Nicaragua, 1979. L’enthousiasme juvénile caractérise la croisade d’alphabétisation au Nicaragua. Le dirigeant sandiniste Carlos Fonseca, tué par Somoza en 1976, avait insisté, à l’instar du rebelle Sandino dans les années 1920, pour que la guérilla élève le niveau culturel des paysans: «Il faut aussi leur apprendre à lire!», répétait-il. Peu après la prise du pouvoir du Front sandiniste en 1979, 60 000 brigadistes motivés vont se déployer sur tout le territoire avec une générosité sans failles. L’unité de base enseignante est l’escadron, qui groupe trente étudiants-enseignants et trois maîtres expérimentés. A la différence de Cuba, cette campagne se mène dans un esprit bon enfant. On voit des jeunes partir en musique sur des camions surchargés, l’un un perroquet sur l’épaule, l’autre une guitare et tous avec un bagage minimal pour plusieurs mois.

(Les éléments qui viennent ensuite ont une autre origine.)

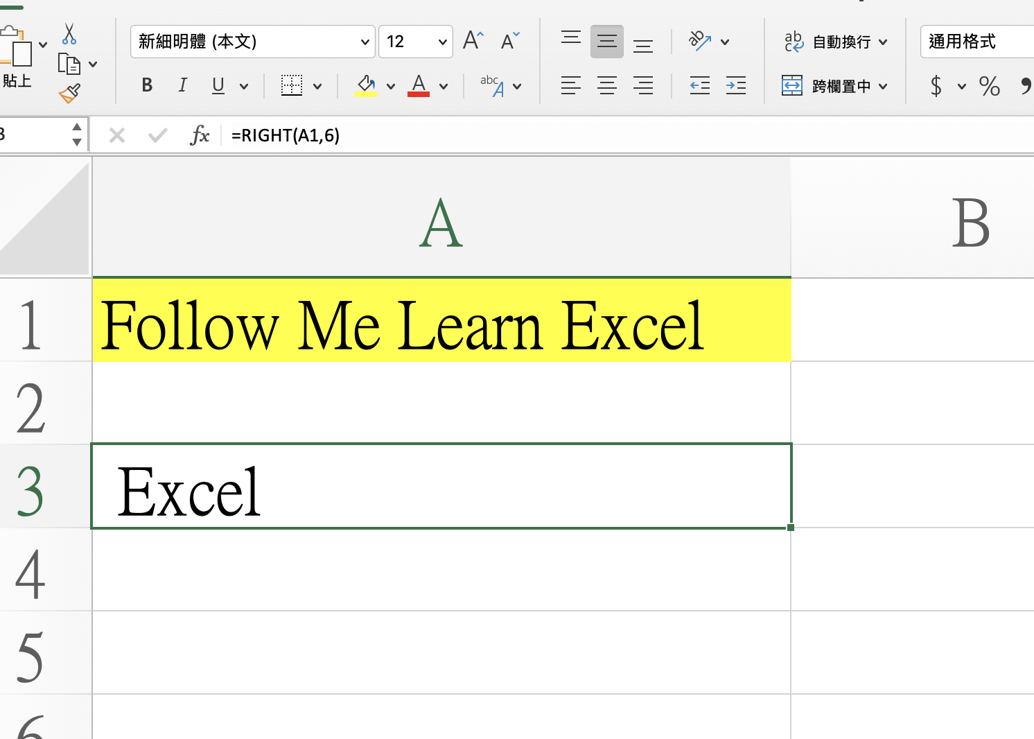直接從字串中最右邊開始取出 6 個字元,所以獲得 Excel,非常簡單,就是剛剛 LEFT 的相反而已。

De nombreux Latino-américains solidaires participent sans grandes formalités. Beaucoup préparés dans leur pays selon la pédagogie de Paolo Freire, avec une méthode respectueuse de l’apprenant. Les chrétiens actifs dans la révolution sont là, enflammés par les idéaux de la théologie de la libération.
Le taux d’analphabétisme a chuté en quelques mois de 52% à 12%. Et que dire de la formidable énergie déployée par les jeunes filles et les femmes, très adéquates dans leur nouveau rôle d’éducatrices populaires? De retour chez elles, elles ont endossé un rôle précieux dans la construction du pays postrévolutionnaire, notamment au sein de l’Assemblée constituante de 1985. L’UNESCO a affirmé que l’alphabétisation réalisée par le Nicaragua devrait servir de modèle aux autres pays d’Amérique latine et dans le tiers-monde.
Ce qu’il y a de commun dans ces trois croisades pacifiques, c’est que la grande majorité des éducateurs sont revenus transfigurés par cette expérience, malgré les grandes privations. L’autre enseignement, c’est la criante irresponsabilité des oligarchies d’aujourd’hui, qui se satisfont, au Sud, de la croissante désertion scolaire, déjà à l’âge de 12-13 ans, et de la préférence donnée à l’école privée par rapport à l’enseignement public. Les couches populaires, ne pouvant en financer l’écolage, sont exclues de ces «boîtes à bac». L’école publique s’adresse à tous, mais, sans moyens ni salaires suffisants, la qualité y est moindre. Avec les inévitables «trois services»: les classes du matin, de l’après-midi et du soir, à choix, en raison du manque d’enseignants et de locaux.
Tandis que chez nous, malgré les moyens financiers disponibles, l’école publique est menacée dans sa qualité: les effectifs sont, sous le prétexte d’une cure d’austérité, revus à la hausse, alors que les instituts privés travaillent avec des classes de moins de 15 élèves.
Un énorme recul de part et d’autre, comparé aux réalisations égalitaires de 1917, 1959 et 1979.
* Ancien Municipal Gauche en mouvement, Renens (VD).
(1) Dont Le Courrier a repris une pleine page dans son édition du 8 décembre 2017.